An interesting question that may be benefited by ethnographic approaches is: why and how do stylistic groups develop? In the history of Islamic ceramics it seems clear that there are various trends which show continuity through time and across geographical areas: for instance, lustre traditions, stonepaste bodies, tin-glazing techniques, also precise styles of decoration. On one hand this evidence may support theories of migration especially where technologies for the production of luxury wares move between different places; at the same time however, this evidence points to genealogical continuity, and in the case of Kashan we have epigraphic evidence from inscriptions to show that families of potters worked together and succeeded each other in workshops.

This is still the case in many parts of the world today. For example, Piccolpasso wrote how Italian lustre-producers keep the secrets of their glazing techniques safe from all, even their own family, by locking their kilns away in their basements, and only on their death-beds do they call their successor to reveal the secret!

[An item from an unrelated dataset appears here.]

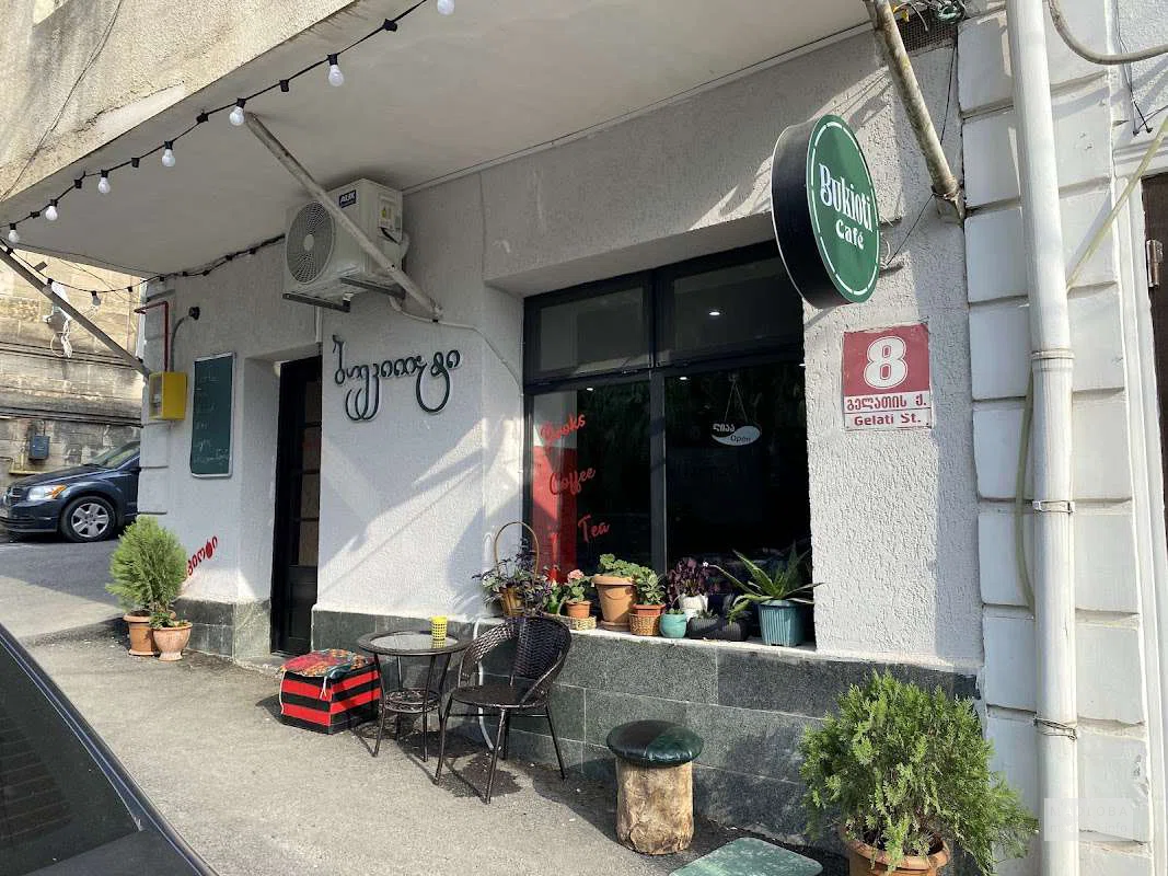 Bukioti Café — это небольшое, но атмосферное кафе в Кутаиси, расположенное на тихой улице Гелати, 8. Место создано для тех, кто ценит уют, винтажные детали, неспешные разговоры и качественный кофе.

Furthermore, Mason suggests that, instead of 50 years, a better average time-span for a defined ceramic style is 25 years: this correlates with the generally accepted time-span of one generation, and suggests that at any one time in a ceramic workshop, an individual is dominant, and responsible for short periods of innovation within a continuum of slowly-changing attributes. In the archaeological record, this appears as developing modes of decoration/technology which are then grouped together by archaeologists into typologies according to features held in common.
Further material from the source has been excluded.